You're reading: Ukrainian production films viral ‘Eva Stories’ about Holocaust tragedy

“What if a girl in the Holocaust had an Instagram?”

The rhetorical question involving the two non-intersecting worlds inspired a project based on real events and called “Eva Stories,” retelling how a Jewish teenager went through the horrors and nightmares of the Holocaust.

Filmed in Ukraine by the local production company ColorFilm, the 70-episode tale was shared through Instagram stories reaching out to the social media generation on one of the world’s most popular platforms.

The project was broadcast live on Instagram on May 1 marking Israel’s annual Holocaust Martyrs’ and Heroes’ Remembrance Day dedicated to around six million Jewish victims.

The Instagram account of “Eva Stories” has gone viral, with more than 1.2 million followers.

The story idea belongs to Israeli businessman Mati Kochavi and his daughter Maya, who both co-directed the social media film.

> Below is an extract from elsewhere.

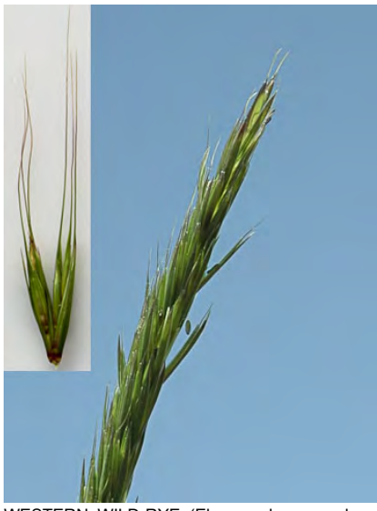
WESTERN WILD-RYE (Elymus glaucus subsp. glaucus) Native Perennial - Grass Family - (Jun-Aug) - Open areas, chaparral, woodland, forest - Tufted. Stem 12-55" tall. Leaf 0.2-0.5" wide, flat. Spikelets0.3-0.6" long, 2-4 per node. Lemma awn 0.4-1.2" long.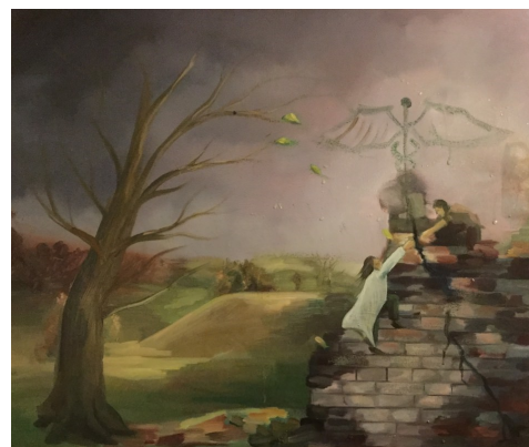
Bridging the Gap, one of the pieces included in our upcoming exhibit, by Zohal Ghulam-Jelani

“We were looking for a way to deal with this memory and manage this memory in a way that is going to be relevant for the younger generation,” Mati Kochavi said in an interview to CNN.

Mati Kochavi allocated several million dollars for “Eva Stories.”

The social media film recreates the real diary of Hungarian Jew Eva Heyman, played by British actress Mia Quiney.

Heyman started the diary on her 13th birthday in 1944 with descriptions of her family, friends, first crush and school. The teenager proceeds to portray the Nazi’s invasion to Hungary, the new humiliating laws they set for Jews, living in a ghetto. After her diary disrupted, Heyman was deported to Auschwitz concentration camp in then-occupied Poland, where she died.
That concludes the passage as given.